--- Exercise directions ---
Pictures excluded, reproduce exactly the lines below from the one with "交易策略: 在7.0000之" through the one with "Плод крупный, жёлто-красный, тип", both included.

* * * *

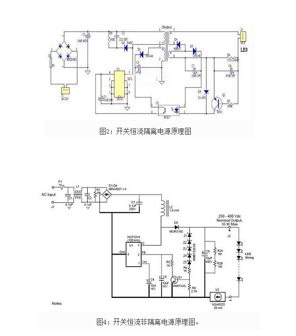 采用变压器将高压变为低压,并进行整流滤波,以便输出稳定的低压直流电。开关恒流源又分隔离式电源和非隔离式电源,隔离是指输出高低电压隔离,安全性非常高,所以对外壳绝缘性要求不高。非隔离安全性稍差,但成本也相对低,传统节能灯就是采用非隔离电源,采用绝缘塑料外壳防护。开关电源的安全性相对较高(一般是输出低压),性能稳定,缺点是电路复杂、价格较高。开关电源技术成熟,性能稳定,是目前LED照明的主流电源,
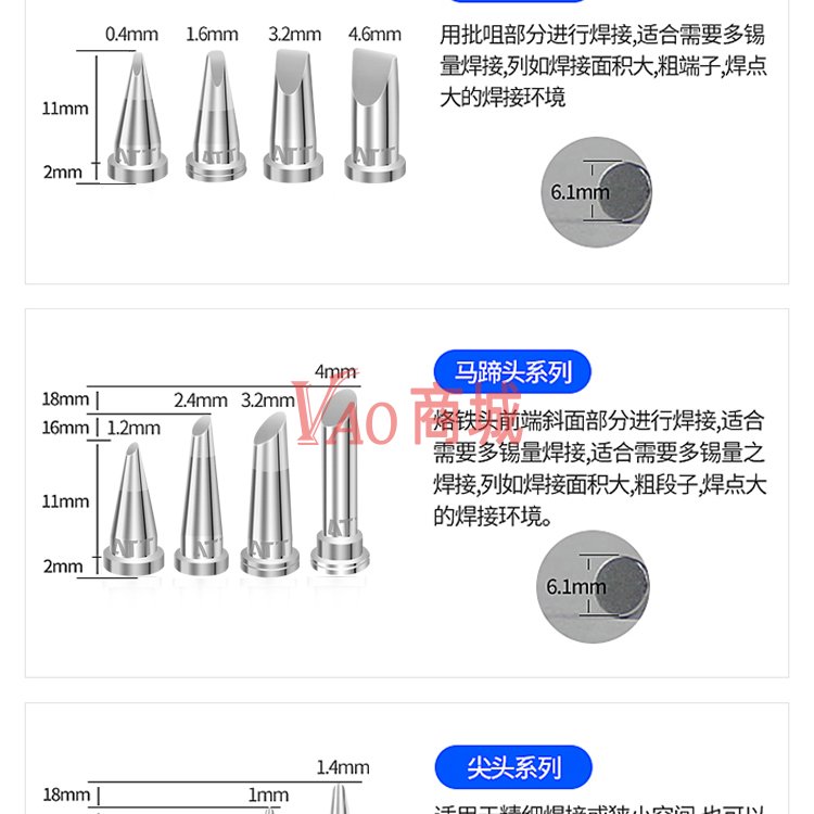 安泰信(ATTEN)T800系列烙铁头T800-1.4I尖咀ST-100电焊台专用
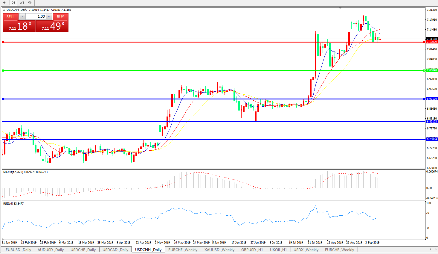 交易策略: 在7.0000之上,看涨,目标价位为7.1000,然后为7.2000。
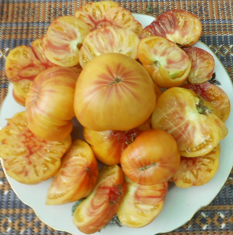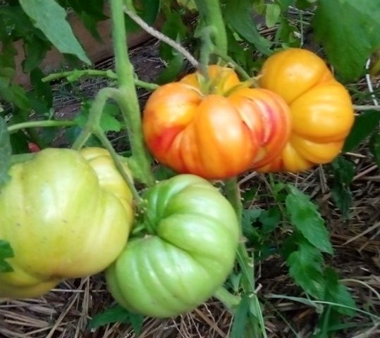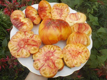 Плод крупный, жёлто-красный, тип биштекса, с фруктовым вкусом, высоким содержанием сахара, вкус восхитительный. Цвет помидора жёлтый к светло-оранжевому, с верхушки появляется красное пятно, которое постепенно увеличивается, превращается в полосы. Растения высотой до 2-х м, раскидистое, мощное. Вес плодов до 600 гр. Среднеспелый, до 100 дней.( у меня был среднепоздним)
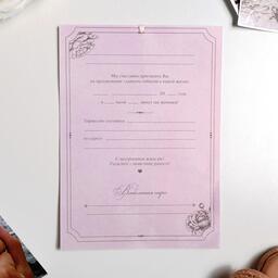 Когда дата и время бракосочетания уже известны, и вы определились со списком гостей, необходимо оповестить их о предстоящем празднике. Существует традиция делать персональные приглашения с указанием времени и даты мероприятия. Но перед свадьбой столько всего надо успеть, что на изготовление десятков открыток просто не остаётся времени. В этом случае вам придёт на помощь уникальное приглашение. Изделие выполнено из жемчужной бумаги плотностью 250 грамм, калька плотностью 120 грамм и дополнено тиснением.. Это придаёт дорогой и роскошный вид. Текст приглашения содержит свободные поля для имени адресата, времени, даты и адреса проведения мероприятия. Это потрясающее приглашение достойно стать частью такого важного события в жизни, как свадьба!
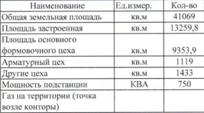 В комплексе есть административное здание трех этажное, арматурный цех, общий цех. Разбивка по площади на фото. Административное здание примерно 1350 м2, его нет в списке
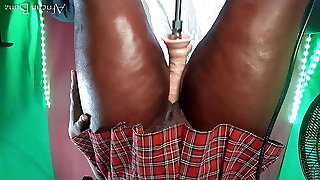 My Pussy is frolicking Peak-a-boo under my little Miniskirt - Fuck machine eating my Fat Cunt
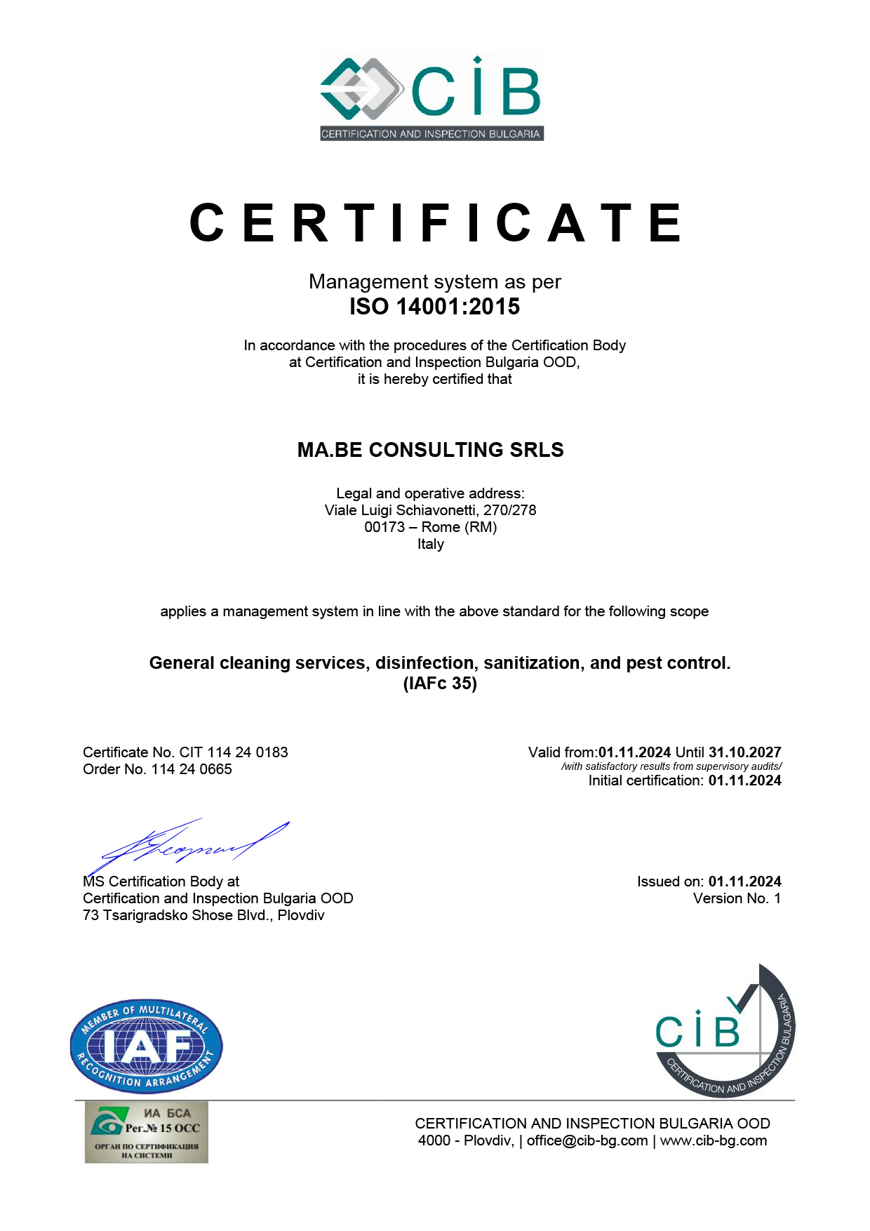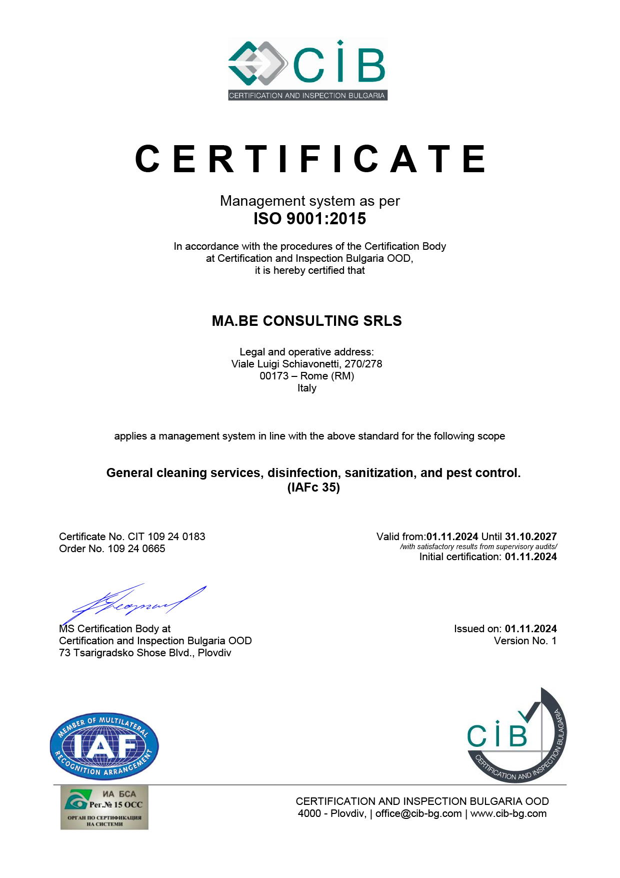 Scegliere un'azienda certificata significa affidarsi a un partner affidabile e competente. Le nostre certificazioni sono la garanzia che riceverai servizi di pulizia di altissima qualità, eseguiti con professionalità e nel pieno rispetto delle normative vigenti.

* * * *

--- Exercise output ---
 交易策略: 在7.0000之上,看涨,目标价位为7.1000,然后为7.2000。
 Плод крупный, жёлто-красный, тип биштекса, с фруктовым вкусом, высоким содержанием сахара, вкус восхитительный. Цвет помидора жёлтый к светло-оранжевому, с верхушки появляется красное пятно, которое постепенно увеличивается, превращается в полосы. Растения высотой до 2-х м, раскидистое, мощное. Вес плодов до 600 гр. Среднеспелый, до 100 дней.( у меня был среднепоздним)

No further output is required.